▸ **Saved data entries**
Segment Open
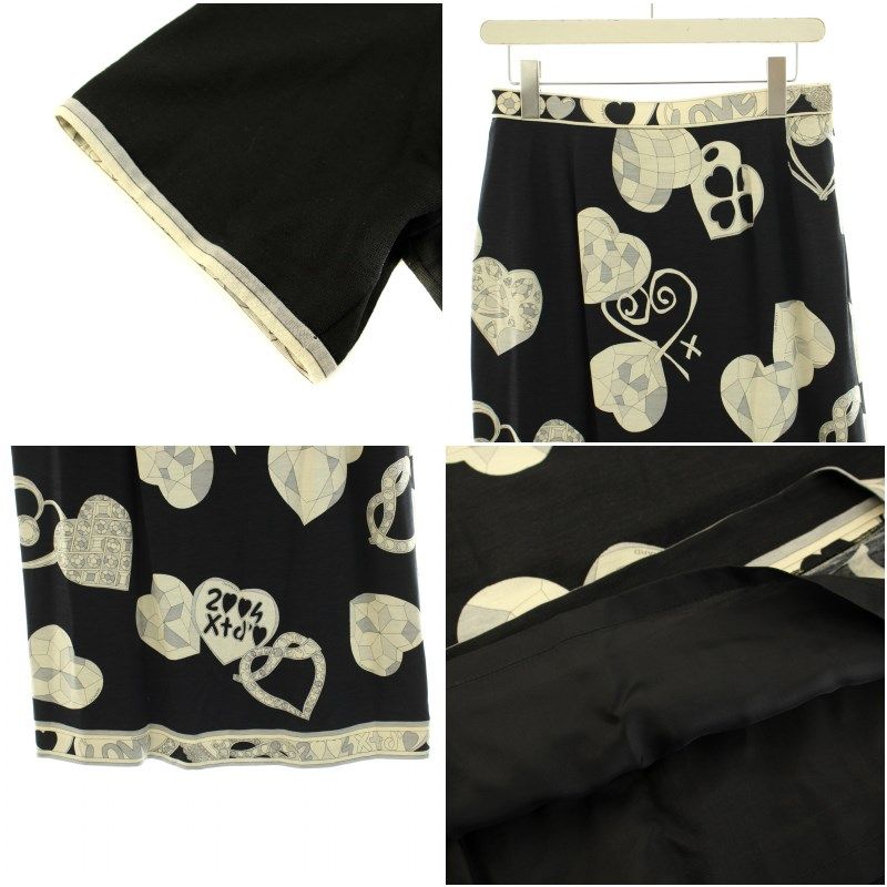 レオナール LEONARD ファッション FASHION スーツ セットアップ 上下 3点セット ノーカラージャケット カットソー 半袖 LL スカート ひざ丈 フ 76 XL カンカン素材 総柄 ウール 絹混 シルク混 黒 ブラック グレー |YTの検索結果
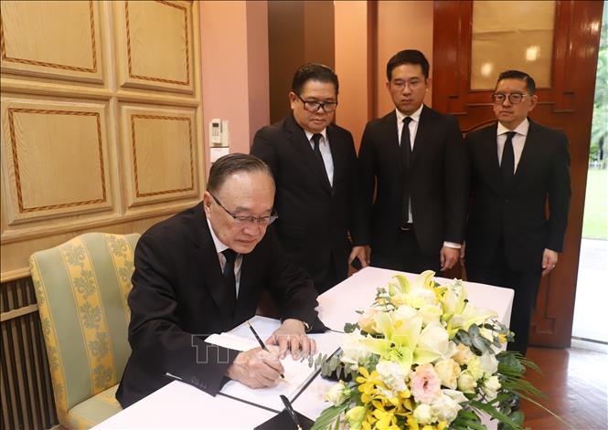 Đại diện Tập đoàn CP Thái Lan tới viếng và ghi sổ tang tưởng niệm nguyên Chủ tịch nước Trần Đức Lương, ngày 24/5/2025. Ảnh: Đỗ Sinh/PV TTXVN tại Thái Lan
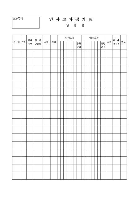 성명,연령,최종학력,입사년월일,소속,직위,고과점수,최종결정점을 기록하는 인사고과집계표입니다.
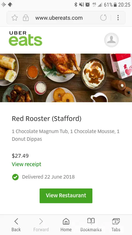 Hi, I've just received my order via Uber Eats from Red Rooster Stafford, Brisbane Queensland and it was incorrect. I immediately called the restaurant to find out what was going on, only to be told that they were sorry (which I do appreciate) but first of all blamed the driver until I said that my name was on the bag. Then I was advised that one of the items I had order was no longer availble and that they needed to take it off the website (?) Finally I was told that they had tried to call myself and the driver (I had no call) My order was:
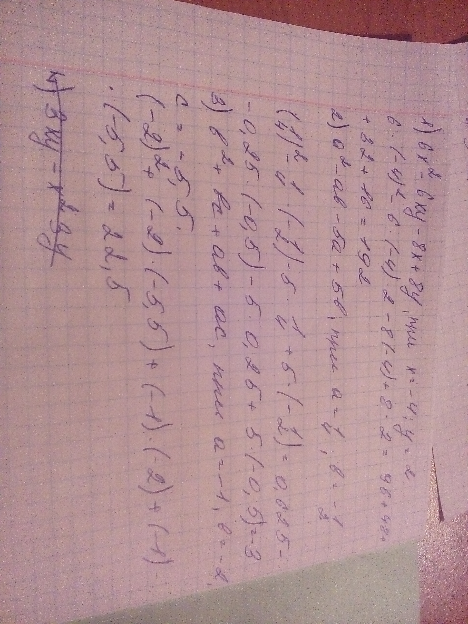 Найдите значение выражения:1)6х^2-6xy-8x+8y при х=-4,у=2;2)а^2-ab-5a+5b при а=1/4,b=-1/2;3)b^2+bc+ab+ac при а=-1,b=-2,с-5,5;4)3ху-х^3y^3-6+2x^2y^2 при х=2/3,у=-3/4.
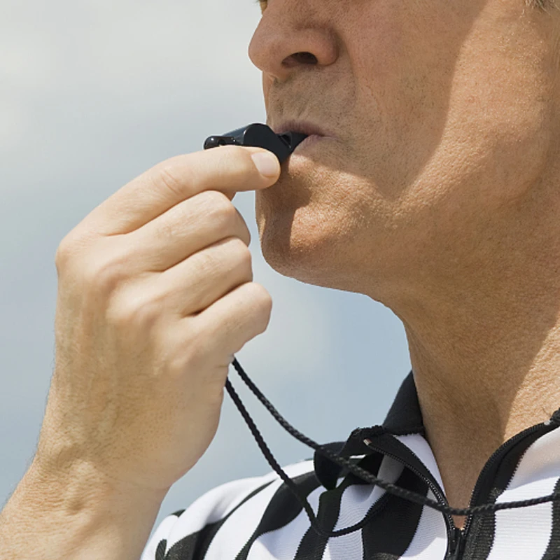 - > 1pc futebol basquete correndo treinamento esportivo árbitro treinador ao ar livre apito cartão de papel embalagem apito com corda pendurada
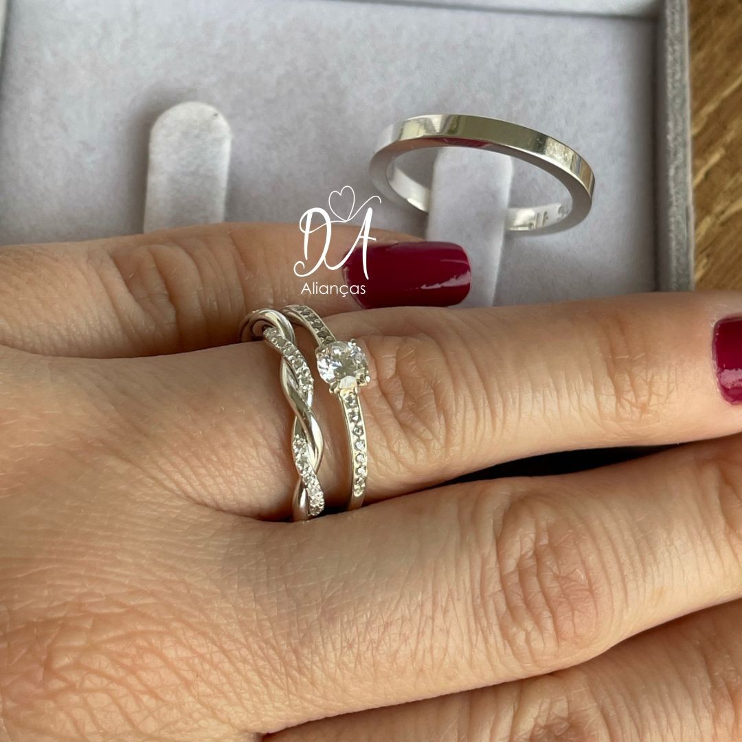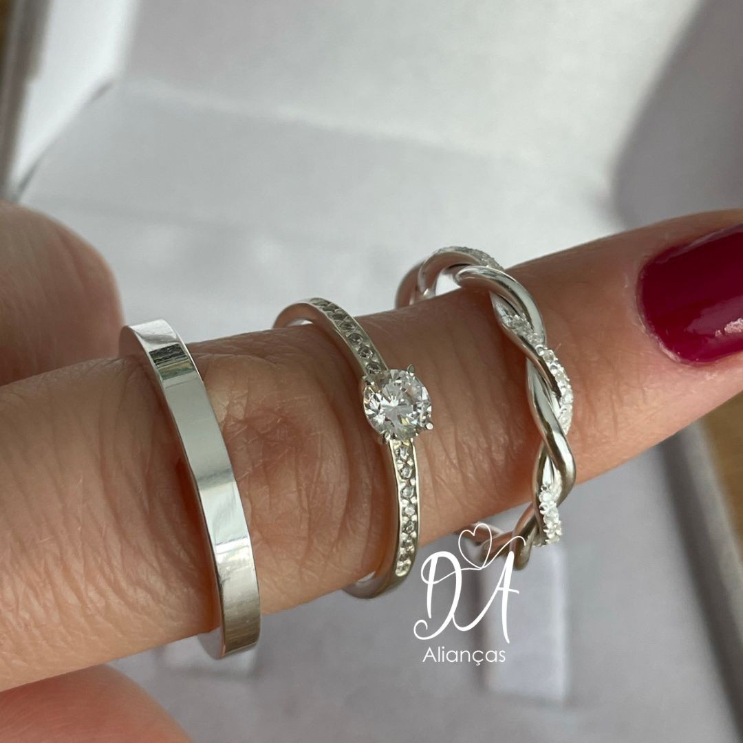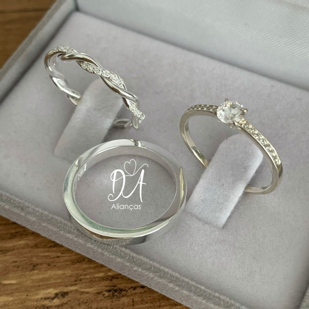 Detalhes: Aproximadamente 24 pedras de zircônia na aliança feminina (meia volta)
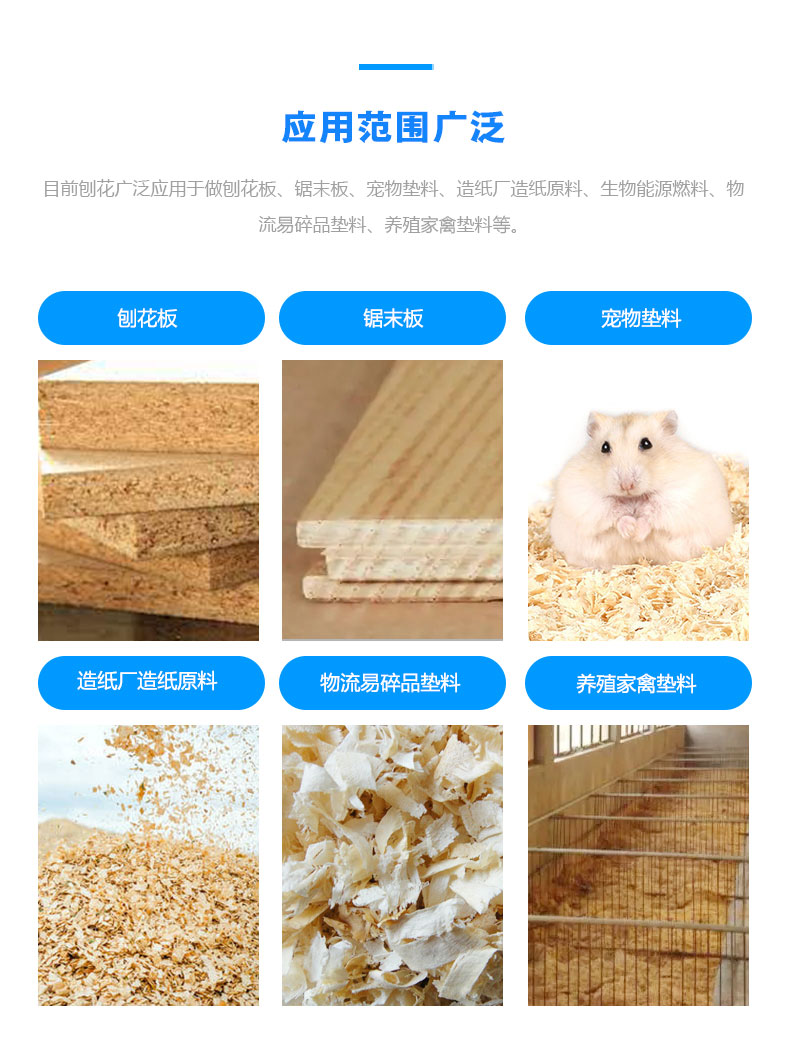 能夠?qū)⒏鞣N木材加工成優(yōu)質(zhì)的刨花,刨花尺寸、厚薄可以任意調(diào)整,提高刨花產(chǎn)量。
Segment Closed
No picture is to appear in the copy; every entry above is otherwise to be printed verbatim.

 レオナール LEONARD ファッション FASHION スーツ セットアップ 上下 3点セット ノーカラージャケット カットソー 半袖 LL スカート ひざ丈 フ 76 XL カンカン素材 総柄 ウール 絹混 シルク混 黒 ブラック グレー |YTの検索結果
 Đại diện Tập đoàn CP Thái Lan tới viếng và ghi sổ tang tưởng niệm nguyên Chủ tịch nước Trần Đức Lương, ngày 24/5/2025. Ảnh: Đỗ Sinh/PV TTXVN tại Thái Lan
 성명,연령,최종학력,입사년월일,소속,직위,고과점수,최종결정점을 기록하는 인사고과집계표입니다.
 Hi, I've just received my order via Uber Eats from Red Rooster Stafford, Brisbane Queensland and it was incorrect. I immediately called the restaurant to find out what was going on, only to be told that they were sorry (which I do appreciate) but first of all blamed the driver until I said that my name was on the bag. Then I was advised that one of the items I had order was no longer availble and that they needed to take it off the website (?) Finally I was told that they had tried to call myself and the driver (I had no call) My order was:
 Найдите значение выражения:1)6х^2-6xy-8x+8y при х=-4,у=2;2)а^2-ab-5a+5b при а=1/4,b=-1/2;3)b^2+bc+ab+ac при а=-1,b=-2,с-5,5;4)3ху-х^3y^3-6+2x^2y^2 при х=2/3,у=-3/4.
 - > 1pc futebol basquete correndo treinamento esportivo árbitro treinador ao ar livre apito cartão de papel embalagem apito com corda pendurada
 Detalhes: Aproximadamente 24 pedras de zircônia na aliança feminina (meia volta)
 能夠?qū)⒏鞣N木材加工成優(yōu)質(zhì)的刨花,刨花尺寸、厚薄可以任意調(diào)整,提高刨花產(chǎn)量。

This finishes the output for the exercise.